L’Irlande se rend aux urnes ce 25 mai pour un référendum historique sur la suppression de l’interdiction constitutionnelle de l’avortement. Le sujet agite la société depuis 35 ans. Le Premier ministre Leo Varadkar parle d’une « opportunité d’une seule génération ». La campagne s’est terminée hier avec une tendance plutôt favorable au camp du « oui » à la libéralisation de l’avortement, qui se confirme dans les rues de la capitale.
Avec notre correspondant à Dublin, Julien Lagache
En Irlande, les militants des deux bords, pro et anti-avortement, auront fait campagne jusqu’au dernier moment. A Dublin, la capitale, la plupart des gens arborent des badges et tee-shirts en faveur du « oui » à la suppression de l’interdiction constitutionnelle de l’interruption volontaire de grossesse (IVG).
Pour Beth Hayden, 25 ans, il ne faut cependant pas crier victoire trop vite. « Au dernier référendum, les sondages donnaient un écart plus important qu’au résultat final, rappelle-t-elle.Cela me rend un peu nerveuse. Ce sera serré, c’est sûr, mais je pense qu’on peut le faire ».
Au contraire, Sorcha Nidomhnaill, 19 ans, qui milite pour le « non », se dit confiante au regard de ses discussions avec les gens dans la rue. « On a de très bons retours, surtout depuis deux semaines, explique-t-elle. On entend beaucoup de gens changer d’avis, des gens qui étaient encore hésitants mais qui finissent par être contre l’avortement ».
La jeunesse, majoritairement pro-IVG, aura été l’un des fers de lance de cette campagne. Pour Sorcha Lowry, désormais installée à New York, il était impossible de ne pas rentrer pour l’occasion. « C’était très important pour moi de faire partie de ce scrutin, il m’a fallu dépenser de l’argent que je n’avais pas pour rentrer, raconte-t-elle. Mais ne pas voter aurait ressemblé à un vote pour le « non ». Donc je devais rentrer voter ».

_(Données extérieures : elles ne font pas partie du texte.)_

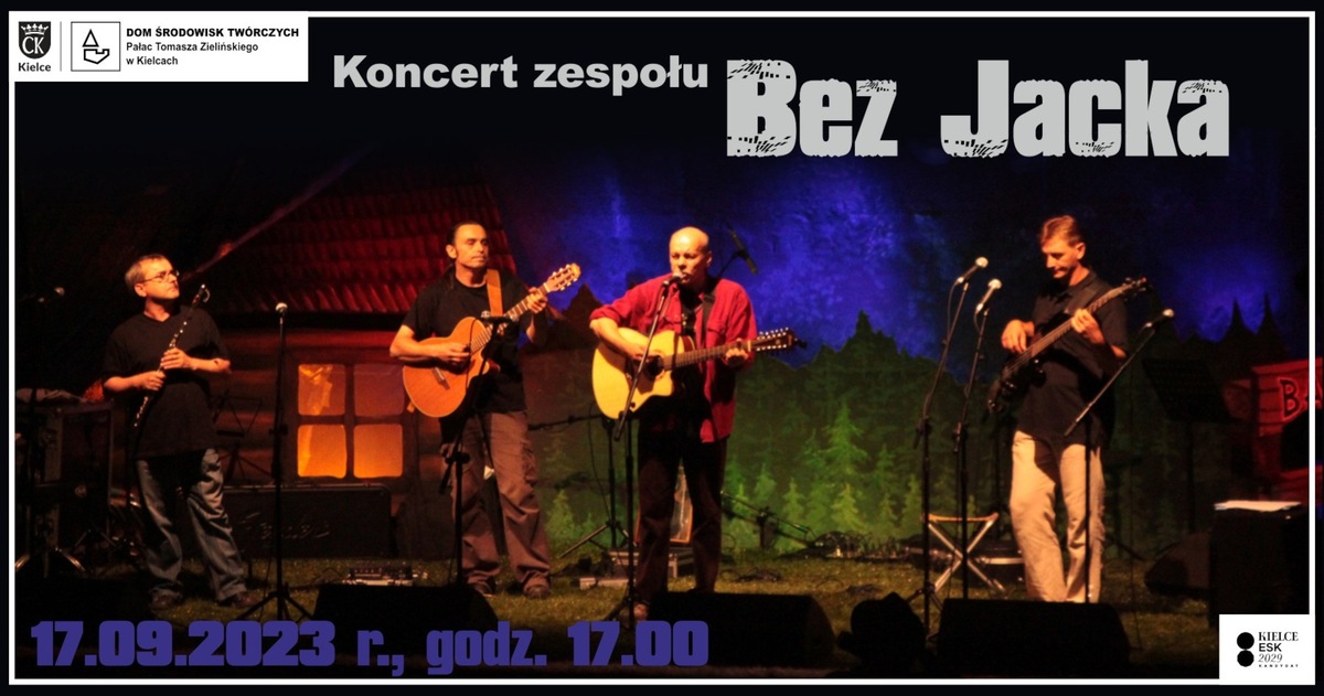 Wstęp: 30 zł (do 14.09.2023 r.), później 40 zł. Zespół „Bez Jacka” powstał w 1983 roku. Uprawia muzykę tzw. „środka”, pisząc muzykę do poezji Leśmiana, Pawlikowskiej-Jasnorzewskiej, Gałczyńskiego, Tuwima, Wołka, Kubiaka, a przede wszystkim do tekstów lidera tej grupy Zbigniewa Stefańskiego. Grupa zdobyła sławę i uznanie, zwłaszcza w środowisku studenckim, zdobywając nagrody na niemalże wszystkich festiwalach tego gatunku: „Piosenki Studenckiej” – Kraków, „Yapa” – Łódź, „Bazuna” – Gdańsk, „Giełda Piosenki” – Szklarska Poręba, „Śpiewające Żagle” – Szczecin, „Fama” – Świnoujście, „Włóczęga” – Zielona Góra oraz wielu innych. Korzenie zespołu „Bez Jacka” sięgają początku lat siedemdziesiątych, kiedy to trzej Bracia Stefańscy: Zbyszek, Jasiu...
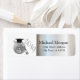 Elegante etiqueta de dirección de regreso de graduación plateada con gorra de graduación, bola de discoteca y botella de vino.
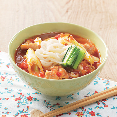 鍋にオリーブオイルをなじませ、長ねぎ、鶏肉を炒める。長ねぎがしんなりしたら、トマトソースと<A>を加えて約5分煮る。こしょうで味をととのえる。
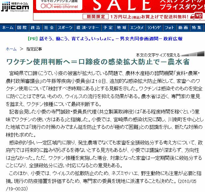 宮崎県で口蹄(こうてい)疫の被害が拡大している問題で、農林水産相の諮問機関「食料・農業・農村政策審議会」の牛豚等疾病小委員会は18日、追加的な感染拡大防止策として、家畜へのワクチン使用について「検討すべき時期にある」とする見解を示した。ワクチンは感染そのものを完全に防ぐことはできないものの、ウイルスの流行を抑える効果がある。農水省は近く、専門家の意見を踏まえ、ワクチン接種について最終判断する。
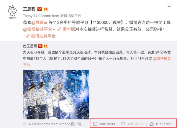Nhân dịp sự kiện IG vô địch thế giới, vào ngày 11/11, tỷ phú Vương Tư Thông đã trao giải cho một chương trình rút thăm trúng thưởng may mắn trên trang mạng xã hội Weibo để ăn mừng.

L’enjeu: le vote des indécis
Reste à savoir si ce vote « historique » dopera la participation alors que le nombre d’inscrits lui est déjà en forte hausse. La libéralisation de l’avortement pourrait être acquise de justesse dans ce pays à forte tradition catholique, marquant l’évolution des mœurs, trois ans après la légalisation du mariage homosexuel. Si le « oui » est en tête des sondages, il faut rester prudent pour Agnès Maillot, professeure à l’université de Dublin.
« Si on en croit les sondages, ils ont une avance relativement confortable : à peu près 42% pour le« non » contre 58% pour le « oui », explique-t-elle. Mais cela ne tient pas compte des indécis qui sont encore très nombreux et qui sont ceux qui changeront la donne ». Il existait aussi un écart très important au dernier référendum de 2015 sur le mariage pour tous, qui s’est resserré le jour du vote à cause du vote des indécis mais où le « oui » l’avait remporté avec 62%.
Mais, poursuit Agnès Maillot, « c’est un débat extrêmement clivé et ceux du côté du « oui » ne se qualifieraient peut-être pas de pro-avortement. C’est beaucoup plus complexe puisqu’il s’agit en fait d’abroger une clause de la Constitution qui donne la priorité à la vie de l’enfant à naître même en cas de dysfonctionnement ou de péril à la vie de la mère ».